The Irony Tower. Советские художники во времена гласности - Эндрю Соломон
Шрифт:
Интервал:
Закладка:
Самым большим художественным открытием оказалась Лариса. Еще год назад она была просто «Костина жена», которая время от времени мастерила какие-то фигурки из глины, но пока мужчины были на Западе, она начала работать более серьезно и стала, говоря ее собственными словами, «очень прекрасной художницей», не хуже любого другого. Ее крупные работы как бы подражали китчевым деталям коммунистической пропаганды: для одной большой серии она скопировала на плюшевые ковры с пасущимися оленями, которые ее мама купила в Одессе, идеализированные силуэты атлетов, какие обычно изображают на советских спортивных наградах. Остроумие ее работ, их изобретательность и замечательный юмор уравновешивались ее огромной серьезностью. Никто в Москве в то лето не работал так настойчиво и так продуктивно, как Лариса Звездочетова, единственная из всех художников своего круга, которой еще только предстояло увидеть Запад.

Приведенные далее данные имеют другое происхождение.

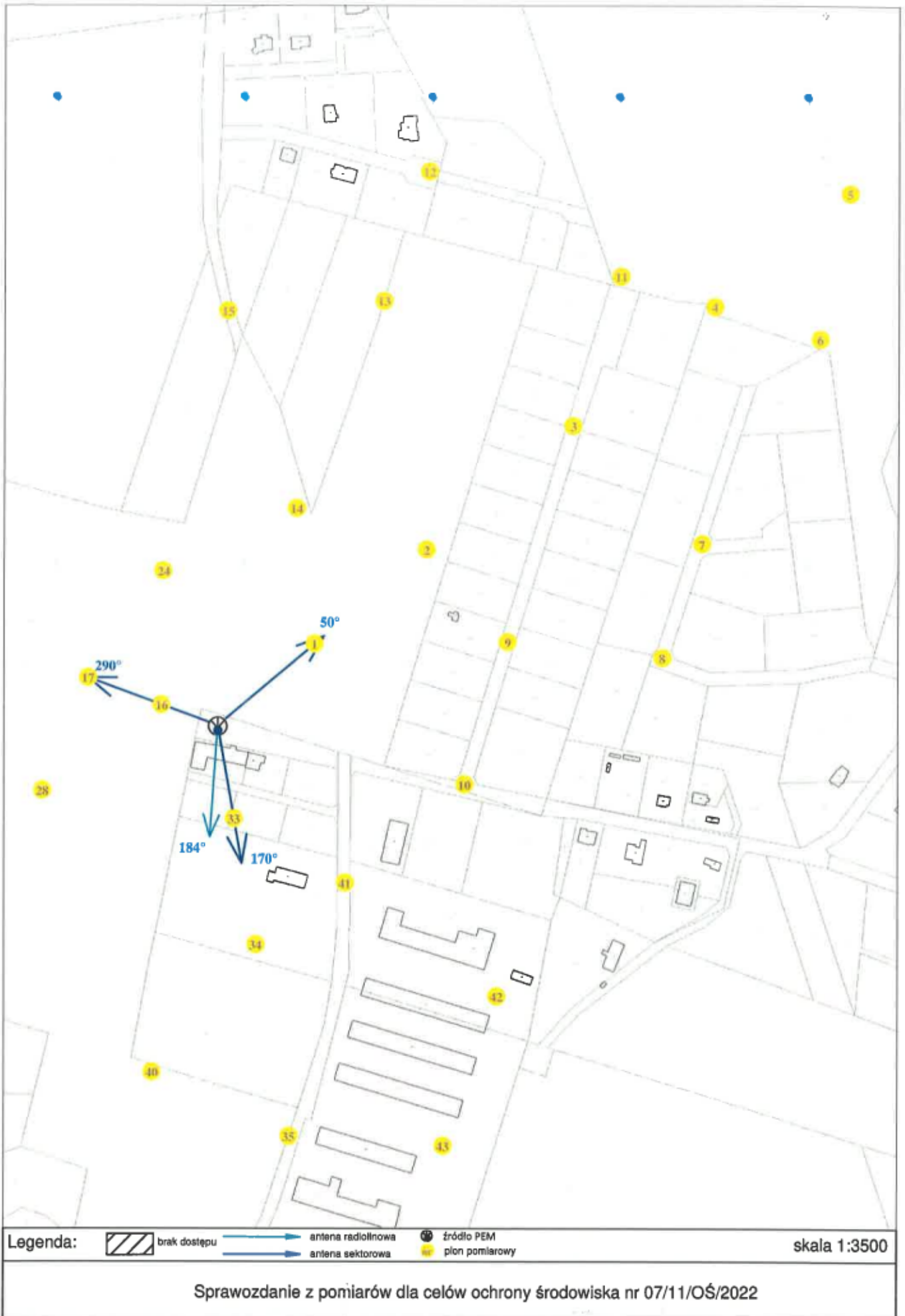
Rys. 2 Lokalizacja pionów pomiarowych
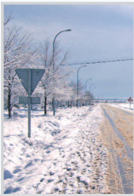
Agua y nieve en los campos.

bién estaban llegando a sus últimas reservas, con todo lo que ello puede significar para el abastecimiento de agua potable, que la economía de Villarrobledo se basa principalmente en la agricultura y de ésta, el viñedo, porque para algo es la mayor ex-
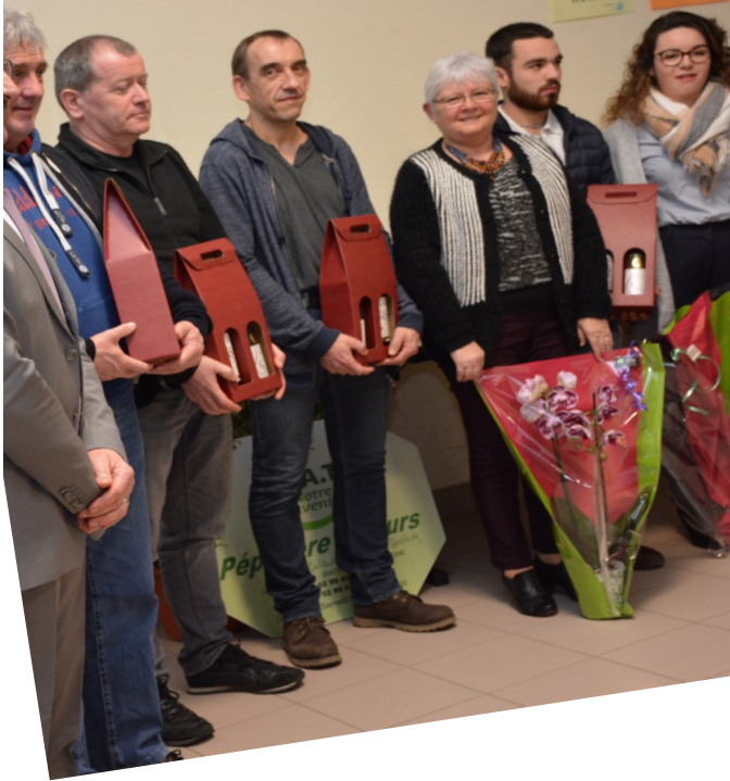
Félicitations à tous les médaillés de 2019 !
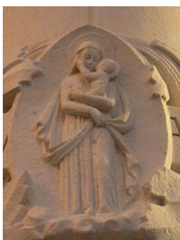
Sculptuur in de Rozenkransbasiliek te Lourdes

verworvenheden van de klassieke oudheid. Men verspreidde graag de legende dat de Middeleeuwers geloofden dat de aarde plat was, hoewel de Grieken al in 500 voor Christus hadden vastgesteld dat de wereld bolvormig was. De meeste Europeanen hebben hier sindsdien aan vastgehouden. Ook Thomas van Aquino ging er van uit dat de bolvormigheid van de aarde wetenschappelijk was aangetoond. Diezelfde Thomas van Aquino was weliswaar van mening dat meerdere engelen op hetzelfde moment op dezelfde plaats konden zijn, maar hij noch andere academici hebben zich ooit bezig gehouden met het vraagstuk hoeveel engelen zich op een speldenknop konden bevinden. De eerste aanwijzing voor dit onnozele louter academische vraagstuk dateert van 1618 (een protestant). Er lag ook geen taboe op lijk-schouwing in de Middeleeuwen (deze praktijk kwam overgewaaid uit het Midden-Oosten), en specerijen werden niet benut om de vreselijke geur en smaak van rottend vlees te maskeren: deze specerijen waren luxe-artikelen. Nog zoiets:
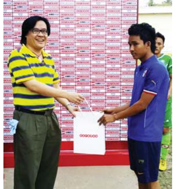
Oreedoo Cup ပြိုင်ပွဲ ပွဲစဉ်တစ်ပွဲတွင် အမှတ်တရ လက်ဆောင်ပေးနေစဉ်။

ယင်းကစားနည်းကို ပွဲစဉ်ပထမပိုင်း အပြီး၌ ပြုလုပ်ခြင်းဖြစ်ပြီး ပရိသတ်သုံးဦးသာကန်ခွင့်ရမည်ဖြစ်ကာ ဘောလုံးမှာ မြေထောက်ဘော၊ မြေလှိမ့်ဘောများဖြင့် ဂိုးဝင်ခြင်းကိုခွင့်မပြုဘဲ ဂိုးအတွင်း တိုက်ရိုက်ဝင်အောင် ကန်နိုင်မှသာ ဆုရမည် ဖြစ်သည်။ MFF Oreedo Cup ပြိုင်ပွဲပထမ အဆင့်ပွဲစဉ်များ ပြီးဆုံးပြီးနောက် ဒုတိယ အဆင့်ပွဲစဉ်များကို မေလတွင် ကျင်းပမည် ဖြစ်သည်။ ■
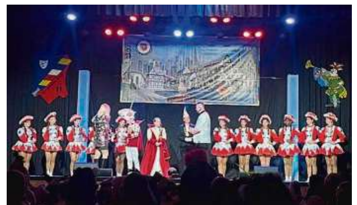
Auch bei Sitzungen haben die Narren aus Fechenheim alles gegeben.
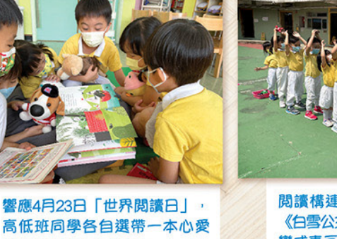
響應4月23日「世界閱讀日」，高低班同學各自選帶一本心愛圖書回校與同學分享。
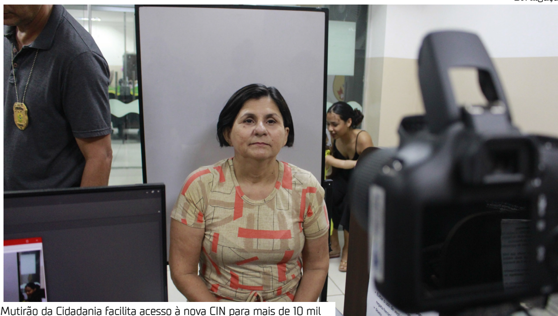
Mutirão da Cidadania facilita acesso à nova CIN para mais de 10 mil
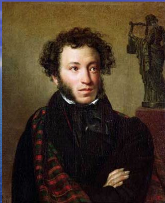
Александр Сергеевич Пушкин (1799 - 1837)
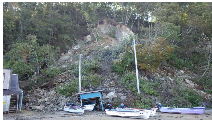
被災状況調査状況(10/16) (岩手県普代村 白井漁港 法面崩落)
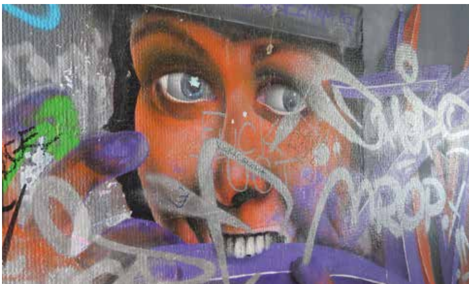
Grffiti v podchodu u pivovaru
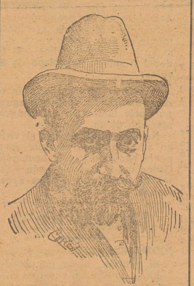
El genial dramaturgo don Jacinto Benavente a quien hoy tributa España un fervoroso homenaje de admiración y simpatía.
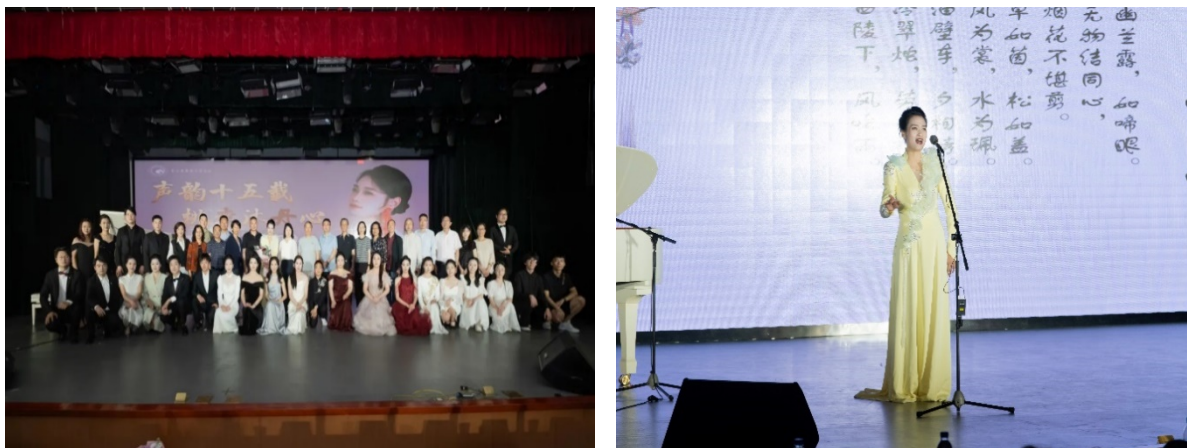
图 3-13 声韵十五载，桃李沐丹心师生音乐会
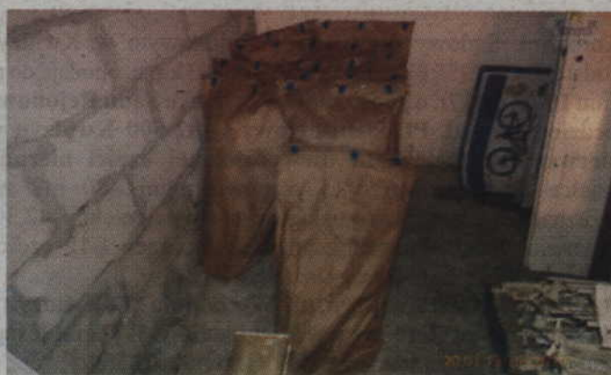
W trakcie przeszukań funkcjonariusze zabezpieczyli również nawozy oraz sprzęt służący do uprawy konopi.
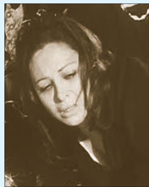
عزيرة في «الحرام»

عزيرة، في القصة الأشهر ليوسف ادريس «الحرام» هي النموذج القاتل للفقر والعوز والحاجة، ارتكبت الفاحشة رغما عنها، وهي تسعى لتجلب لقمة عيش لأولادها وزوجها الميت الحي، يوسف ادريس لم يكن يتحدث عن عزيرة كامرأة او مجرد فرد، الرجل كان يتحدث فيه أزمة بلد، يعيش فيه الفقر ويتزعرع بينما ينعم بقرواته أصحاب السطوة والكرباج، لتموت عزيرة ويموت وليدها، والكبار يسألون ببلاهة: هي عملت كده ليه؟
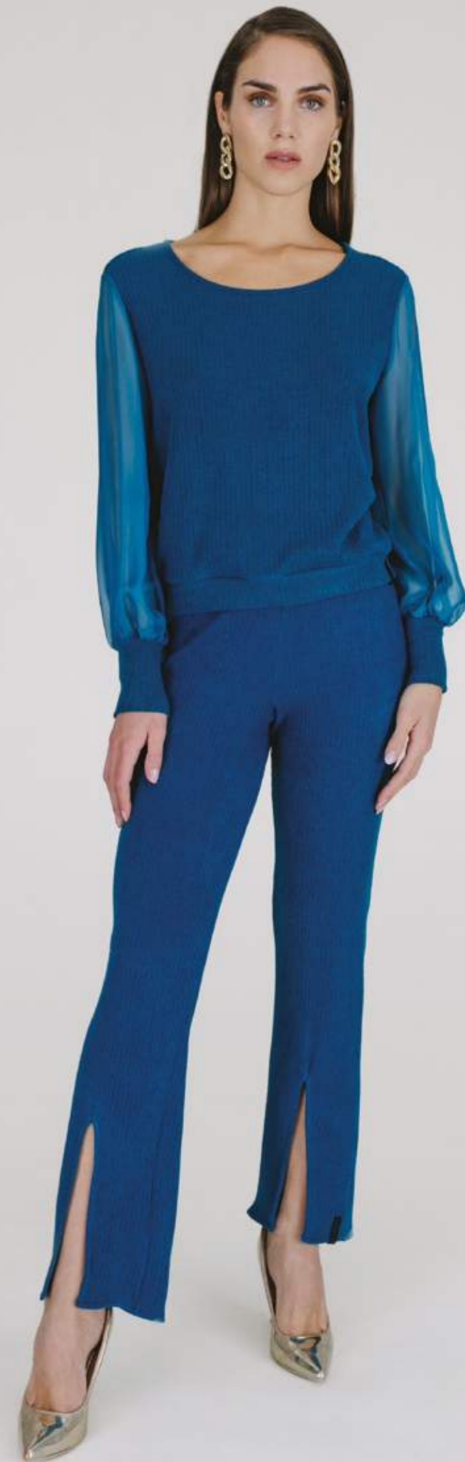
PANTALONI – PT 886 OTTANIO COLORI DISPONIBILI: MORO - NERO
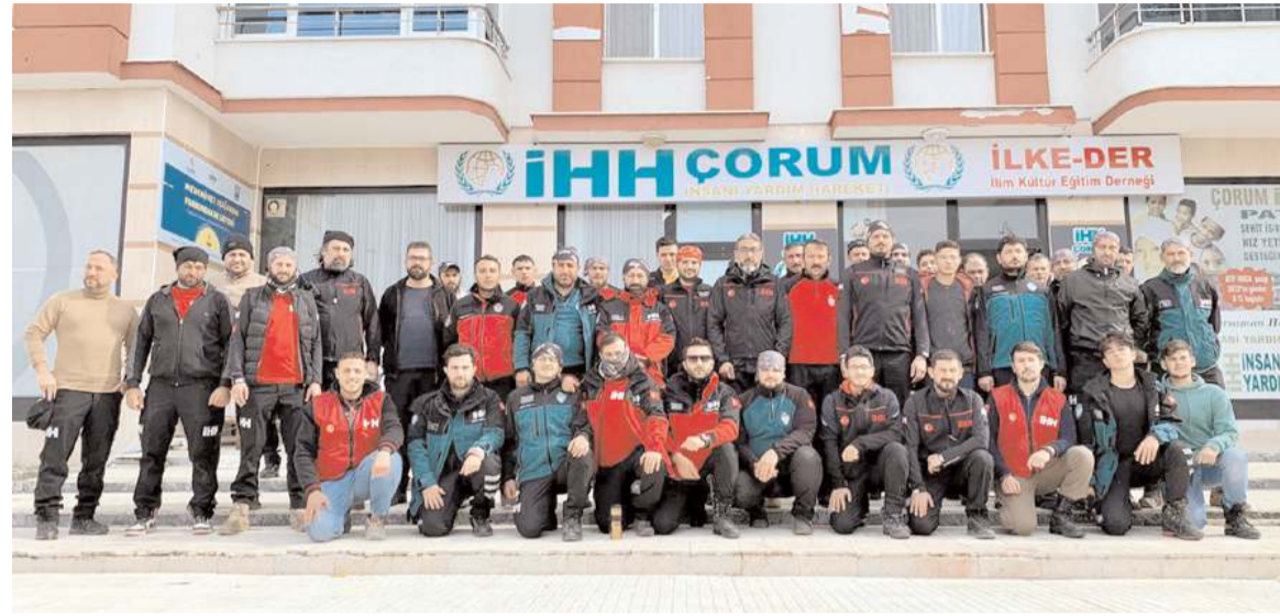
Eğitime katılan ekipler Çorum İHH'da buluştular.

İHH İnsani Yardım Vakfı Arama Kurtarma ekibinin Doğada Arama ve Kurtarma (DAK) Temel Eğitim Programı kapsamında, 2 modül ve 3. Modül Kursu'nun
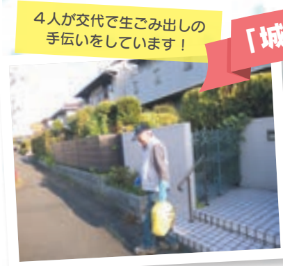
4人が交代で生ごみ出しの手伝いをしています!

平成30年8月1日 発行 社会福祉法人 宗像市社会福祉協議会 〒811-3437 宗像市久原180 メイトム宗像2階 TEL 0940-37-1300
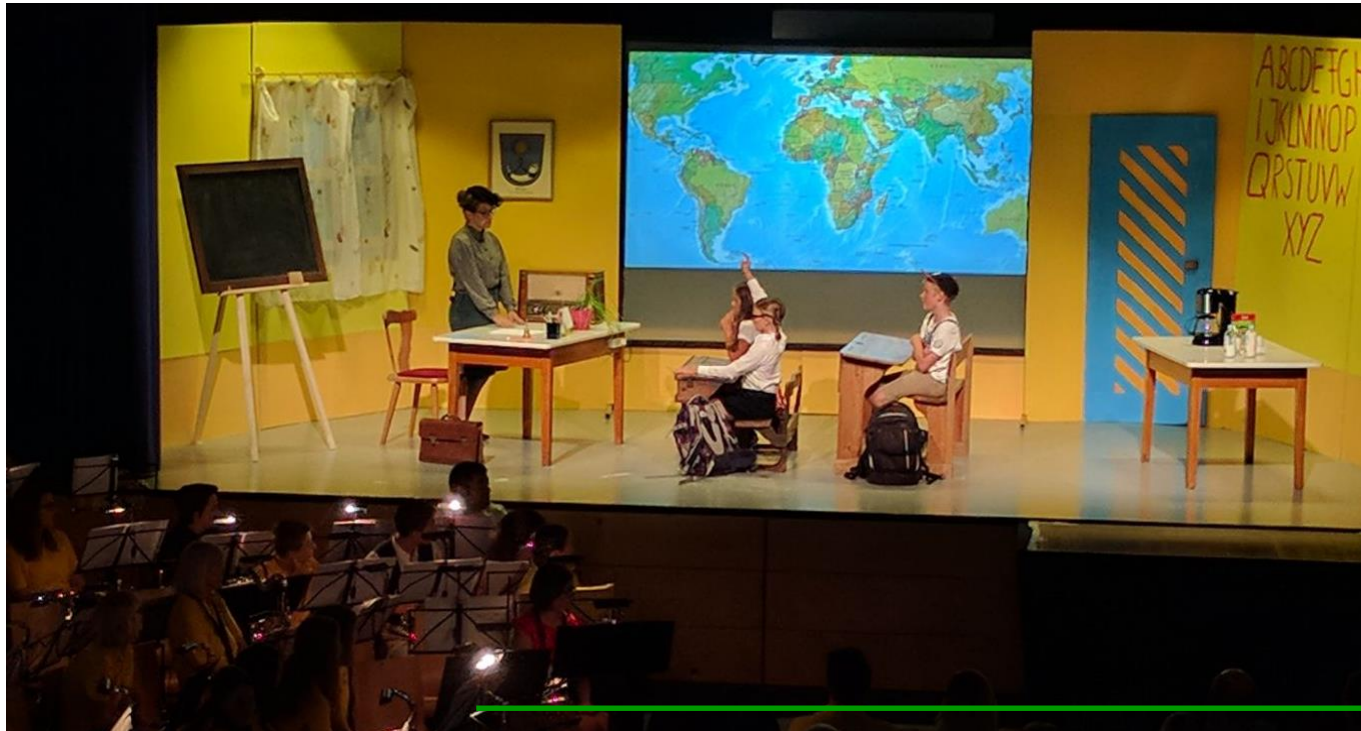
Ein wunderschöner Gesamteindruck

Es war uns sehr wichtig, dass alle Jungmusikanten Teil des Projektes sind, egal mit welchem Talent und in welcher Form. Jeder einzelne war ein Teil von dem großen Ganzen.
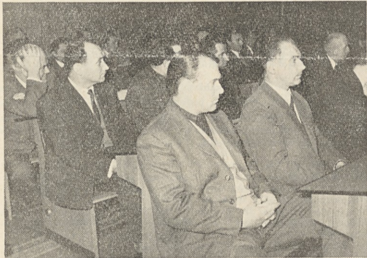
Komunisti SAVE so opozorili na nekatere pomanjkljivosti v tezah za 18. sejo CK ZKS

Советский китч – это трагический вариант китча западного, потому что он не просто отражает некий незапланированный социальный феномен, но, скорее, является составляющей намеренного процесса оболванивания. Это не только пощечина вкусу, это еще и нелепый вариант пропаганды, в котором абсурдность высказывания вполне соответствует абсурдности формы, в которую это высказывание облечено. На Западе китч всегда апеллирует к снобизму, который признает его эстетическую неполноценность. Он подтверждает наш статус людей со вкусом, которые ни за что, ни на секунду не посчитают красивым предмет, специально изготовленный для того, чтобы его красотой наслаждались люди, которые, конечно же, ничего в красоте не понимают. Невежество тех, кто искренне считает все это красивым, заставляет нас чувствовать себя выше их, в этом причина наших насмешек над китчем. Но в Советском Союзе, где большая часть китча производится правительством в оценке китча присутствует другой вид снобизма: те, кого он забавляет, не могут всерьез воспринимать лежащую в основе этого китча идею об успешном построении коммунизма. Он напоминает о том, что вся эта система нелепа не только в абстрактном смысле, но и в мельчайших конкретных формах. Перед лицом советского китча мы не можем забыть о том, что сам по себе коммунизм – безвкусица, что, несмотря на все идеалистические толкования, он в конечном счете апеллирует к самым низменным инстинктам советского народа, что он всегда обращался именно к этому. Безвкусица как таковая – это наименьшее из зол сталинской эпохи, но это символ самого глубинного предательства идеалов коммунизма.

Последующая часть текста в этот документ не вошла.